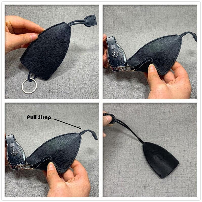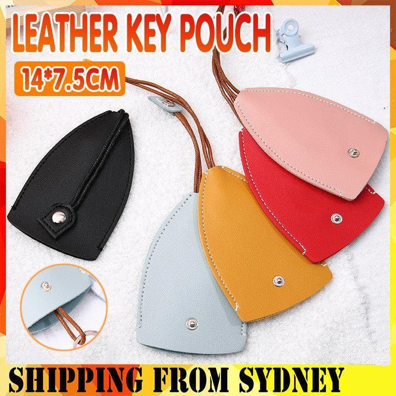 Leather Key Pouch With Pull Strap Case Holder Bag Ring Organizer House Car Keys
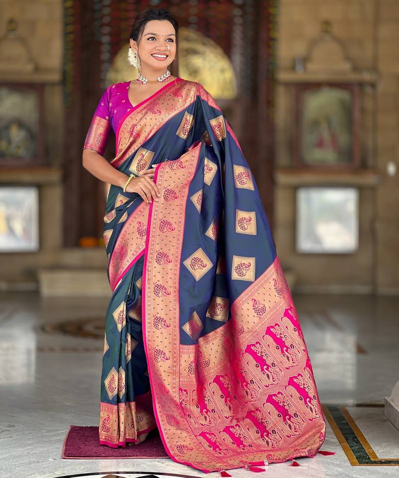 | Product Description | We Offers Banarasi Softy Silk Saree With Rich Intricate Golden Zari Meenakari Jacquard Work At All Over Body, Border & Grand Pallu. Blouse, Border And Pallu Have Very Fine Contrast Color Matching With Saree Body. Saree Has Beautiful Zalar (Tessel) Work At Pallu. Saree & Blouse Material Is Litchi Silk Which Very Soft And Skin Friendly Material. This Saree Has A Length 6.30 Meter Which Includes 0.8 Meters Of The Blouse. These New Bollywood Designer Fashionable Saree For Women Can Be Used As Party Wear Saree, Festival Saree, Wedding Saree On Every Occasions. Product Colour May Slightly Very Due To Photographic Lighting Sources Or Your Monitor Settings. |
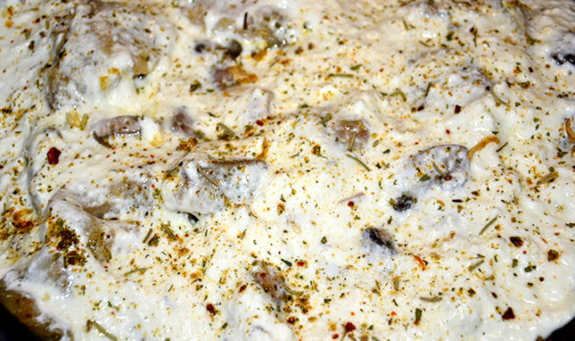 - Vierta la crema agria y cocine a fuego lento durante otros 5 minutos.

* * *

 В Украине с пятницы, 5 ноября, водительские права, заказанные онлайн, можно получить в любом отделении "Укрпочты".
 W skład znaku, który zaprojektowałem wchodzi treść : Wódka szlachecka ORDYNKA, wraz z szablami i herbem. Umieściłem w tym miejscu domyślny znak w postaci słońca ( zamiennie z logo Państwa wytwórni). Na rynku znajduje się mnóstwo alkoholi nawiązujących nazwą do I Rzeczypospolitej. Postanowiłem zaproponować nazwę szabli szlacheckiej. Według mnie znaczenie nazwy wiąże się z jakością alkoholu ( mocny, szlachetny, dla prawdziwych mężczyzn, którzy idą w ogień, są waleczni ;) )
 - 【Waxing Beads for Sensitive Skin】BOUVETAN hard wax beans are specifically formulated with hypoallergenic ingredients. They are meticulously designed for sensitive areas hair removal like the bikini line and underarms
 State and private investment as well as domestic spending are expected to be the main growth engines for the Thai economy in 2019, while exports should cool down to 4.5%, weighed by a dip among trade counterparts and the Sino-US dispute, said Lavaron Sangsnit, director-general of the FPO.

---

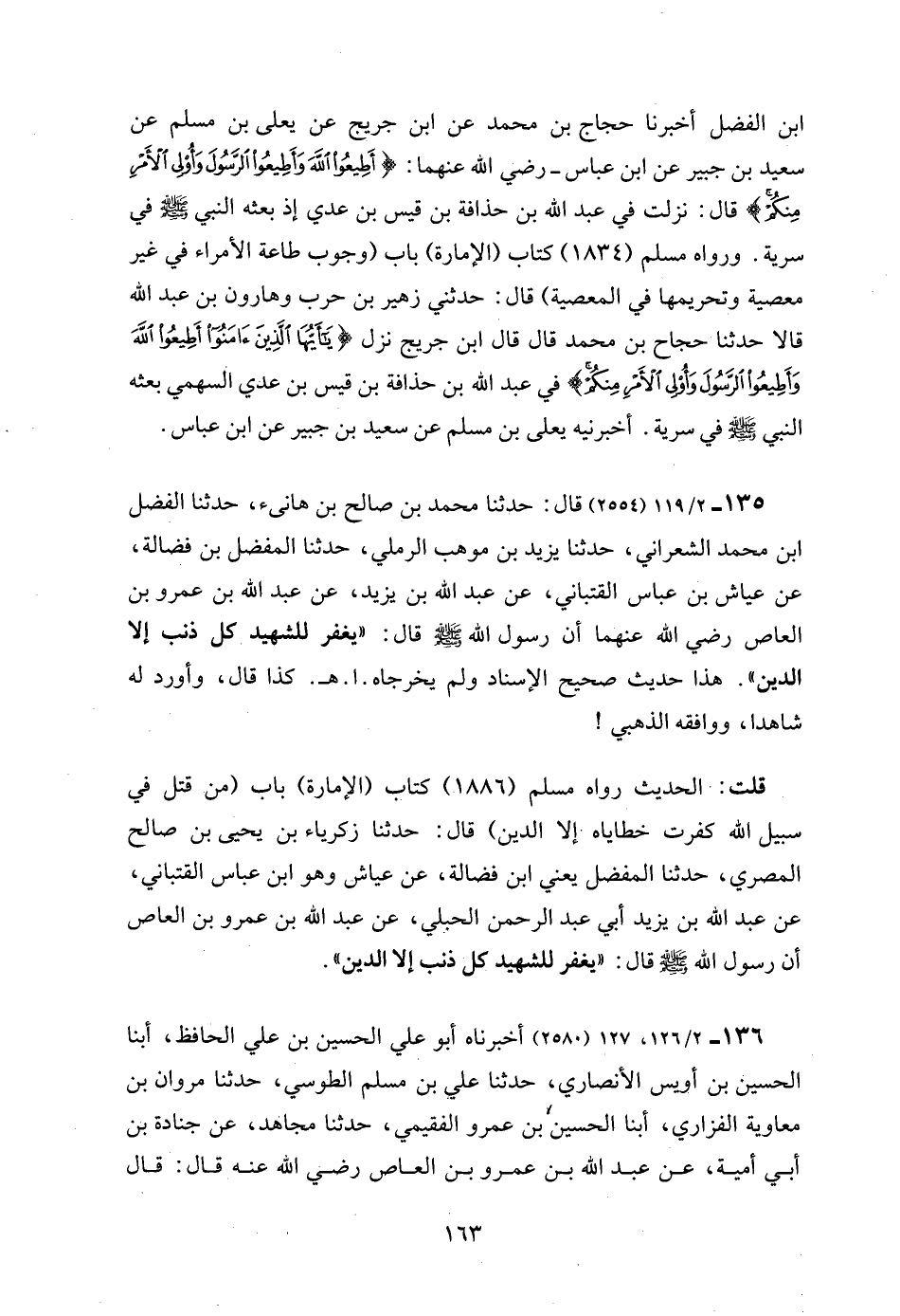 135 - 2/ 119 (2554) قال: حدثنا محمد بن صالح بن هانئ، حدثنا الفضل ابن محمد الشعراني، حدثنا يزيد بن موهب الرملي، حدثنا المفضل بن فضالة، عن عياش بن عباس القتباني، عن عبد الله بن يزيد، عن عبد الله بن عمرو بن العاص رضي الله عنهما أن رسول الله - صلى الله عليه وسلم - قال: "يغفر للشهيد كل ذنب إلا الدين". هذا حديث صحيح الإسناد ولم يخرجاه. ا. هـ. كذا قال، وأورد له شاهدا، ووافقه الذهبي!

> Task objective
There is a line with "W skład znaku, który" and a line with "State and private" above. Copy exactly those two lines and all lines between them, with nothing else.

> Output for this exercise
 W skład znaku, który zaprojektowałem wchodzi treść : Wódka szlachecka ORDYNKA, wraz z szablami i herbem. Umieściłem w tym miejscu domyślny znak w postaci słońca ( zamiennie z logo Państwa wytwórni). Na rynku znajduje się mnóstwo alkoholi nawiązujących nazwą do I Rzeczypospolitej. Postanowiłem zaproponować nazwę szabli szlacheckiej. Według mnie znaczenie nazwy wiąże się z jakością alkoholu ( mocny, szlachetny, dla prawdziwych mężczyzn, którzy idą w ogień, są waleczni ;) )
 - 【Waxing Beads for Sensitive Skin】BOUVETAN hard wax beans are specifically formulated with hypoallergenic ingredients. They are meticulously designed for sensitive areas hair removal like the bikini line and underarms
 State and private investment as well as domestic spending are expected to be the main growth engines for the Thai economy in 2019, while exports should cool down to 4.5%, weighed by a dip among trade counterparts and the Sino-US dispute, said Lavaron Sangsnit, director-general of the FPO.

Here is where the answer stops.